Pandeminin Yıkıcı Etkilerinin Üstesinden Çalışanları ile Birlikte Yükselen Şirketler mi Gelecek?

14 Ekim 2022

İşe alım yapmanın bu kadar zor olduğu başka bir dönem yaşanmış mıydı? Ekonomiler büyürken, şirketlerin yatırım ve yeni proje yapma iştahı bu kadar kabarıkken, teknoloji durdurulamaz bir hızla ilerlerken tek sorunun kaynak bulmak olabileceğini kimse öngörebildi mi?

İş ilanlarına yapılan binlerce başvuru arasından şirketler uygun adayı seçmekte zorlanırken, şimdi başvuru olması için denenmeyen yaratıcı yöntem kalmıyor, ona rağmen yeni jenerasyon artık kendi fiziki ve akıl sağlığını, kariyer gelişimini ve kendisine verilecek değeri hissettirmeyen en iyi teklifi görmeden hareket etmiyor. Ciddi bir yetenek savaşı var ancak kazananı da yok gibi görünüyor.

Peki ya içerideki yetenekler? Bu derece bir yetenek rekabeti ortamında onları elde tutabilmek, sizi tanıyan, şirketinizi bilen değerlere sahip çıkabilmek, onları memnun etmek de bir o kadar zor değil mi? Dışarıdan alacağınız bir kaynağa göre zaten yetişmiş, şirketinizin kültürüne uyum sağlamış, müşterilerinizi, işinizi bilen, tanıyan kadronuz aslında rekabetteki en önemli gücünüz değil mi?

İçerideki yetenekleri elde tutmak için tüm firmalar özellikle 2021’in ikinci yarısından itibaren kolları sıvadı, enflasyonist ortamda maaş artışları, düzenlemeleri yapanlar, bunları tüm mecralardan duyuranlar, tatil beldelerinden çalışma imkanları sunanlar, psikolojik destek paketleri , hediye kutuları, online platformlardan çeşit çeşit eğitimler derken kimisi zaruri kimisi ise içi boş çok sayıda aksiyon alındı. Yine de ayrılmaların önüne geçilemedi. Maaş aynı, sosyal haklar aynı olmasına rağmen iş değişikliği yapanların, işin anlam ifade etmediğini, kendisini geliştiremediğini geri bildirim olarak verenlerin sayısı azalmadı.

2022 Ranstad IK Trendleri ve Ücret Raporu’na göre 2022’de IK departmanı için en büyük zorluklar maaş ve yan haklardaki beklentileri yönetmek, en başarılı çalışanları elde tutmak & lider yetiştirmek, çalışan bağlılığı sağlamak ve yüksek çalışan devir hızını yönetmek olarak görünüyor.
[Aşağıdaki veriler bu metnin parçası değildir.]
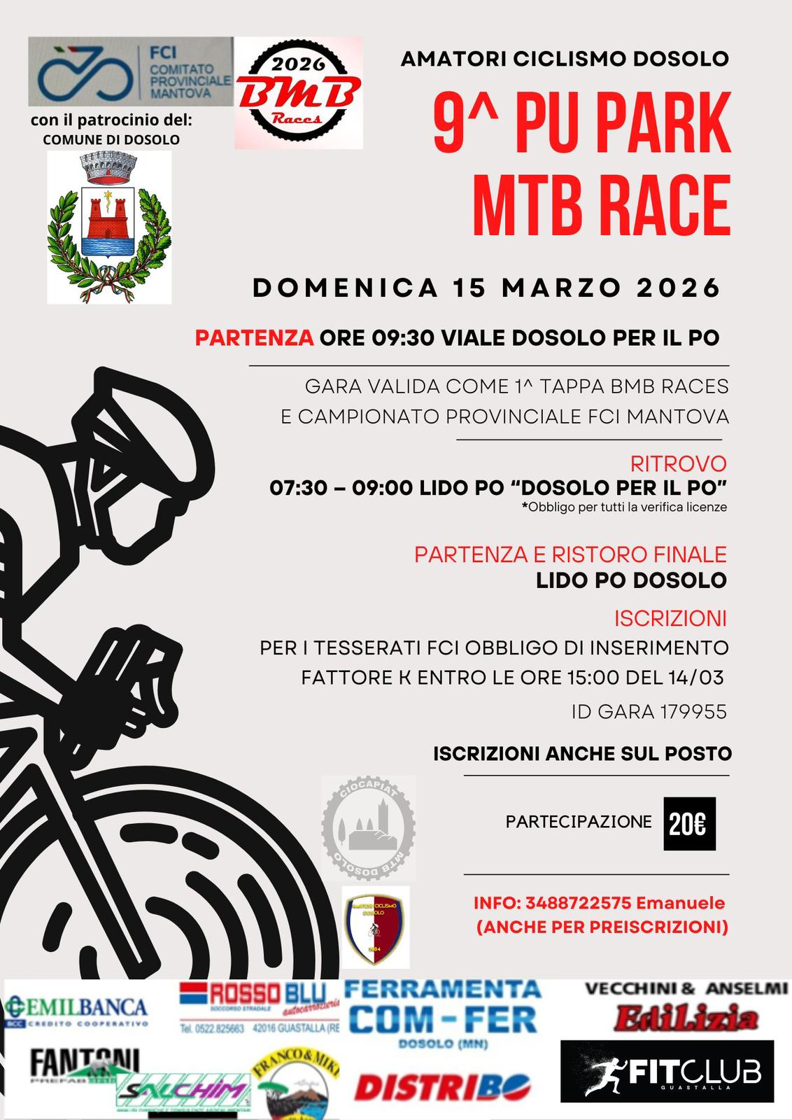 PAGAMENTO: € 20,00 al ritiro del numero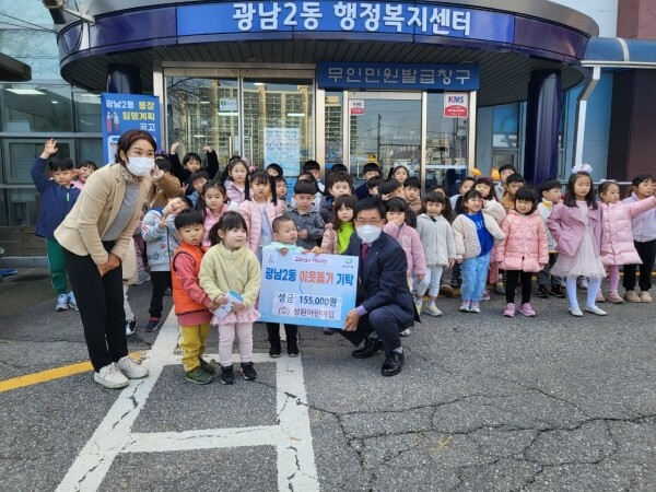 이에 대해 이상오 동장은 “지역 내 나눔 문화 확산을 위해 후원금을 전달해 주신 원장님과 원아들에게 감사드리며 도움이 필요한 곳에 소중히 잘 전달하겠다”고 말했다.
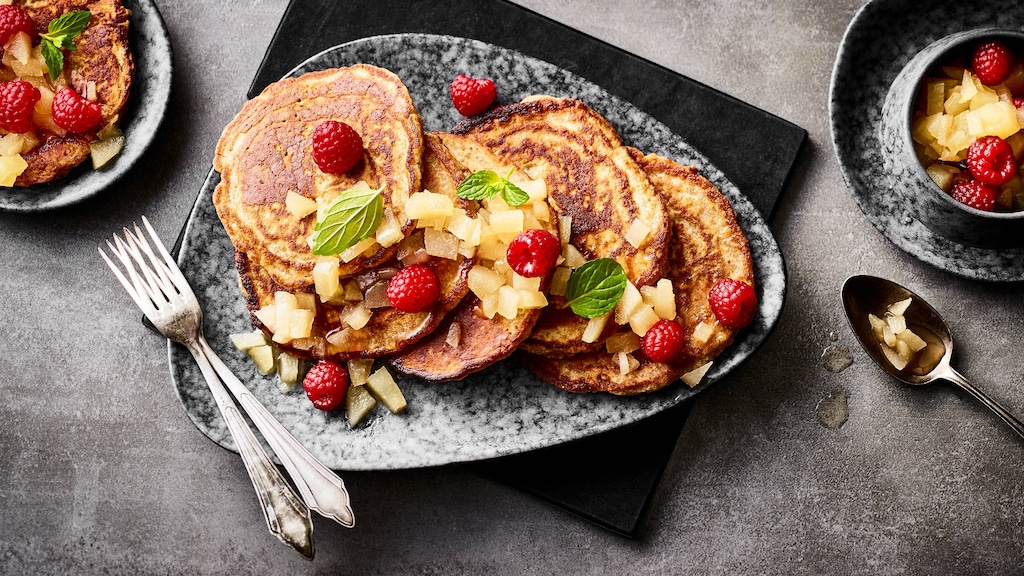 Pancakes anrichten und das Birnen-Himbeerkompott dazu reichen.

Bu da gösteriyor ki, çalışanlarının kendi potansiyelini keşfetmelerine alan açmak, kendilerinin dahi farkında olmadıkları yetkinlikleri ortaya çıkarmak ve bu yetkinlikleri en iyi şekilde kullanabilecekleri kariyer olanaklarını sağlamak, konfor alanlarından çıkmaları ve yeni dünya düzenine, değişimine ayak uydurabilmeleri için yanlarında olmak, destek vermek ve koçluk sağlamak şirketlerin hem mevcut yeteneklerini ellerinde tutmalarına hem de çalışanları ile birlikte gelişmelerine ve büyümelerine imkan sağlıyor.

Çalışanlardan, atandıkları iş pozisyonları ve sorumluluklarını hakkıyla yerine getirmeleri için sadece o alanda sahip oldukları yetenek ve becerileri kullanarak yüksek performans sergilemelerini beklemek bu dönemde artık geçerli değil. Yaptığı işte anlam bulabilmesi, beceri ve yetenekli olduğu tüm alanları keşfetmesine olanak sağlanması, yüksek performans göstereceği kariyer yolunu kendinin belirlemesi için desteklenmesi öne çıkan en doğal motivasyon faktörleri olmaktadır.

Artık müşteri ve çalışan beklentilerine cevap verebilen bir modern şirket kültürü oluşturabilen, çalışanların yeni dönem liderlik beklentilerine bütünsel bir yaklaşımla cevap verebilen, çalışanların yüksek performans gösterme motivasyonları için onları güçlendiren ve pandemi sonrası iş hayatı dönemine geçiş yaparken, artan rekabet ve zorlaşan çalışma koşullarında liderlerini tüm şirkete yaygınlaştırılmış bir koçluk kültürü ile güçlendiren, yeteneklerini yetkinlik akademileri ile destekleyen şirketler çalışanları ile birlikte yükseleceklerdir.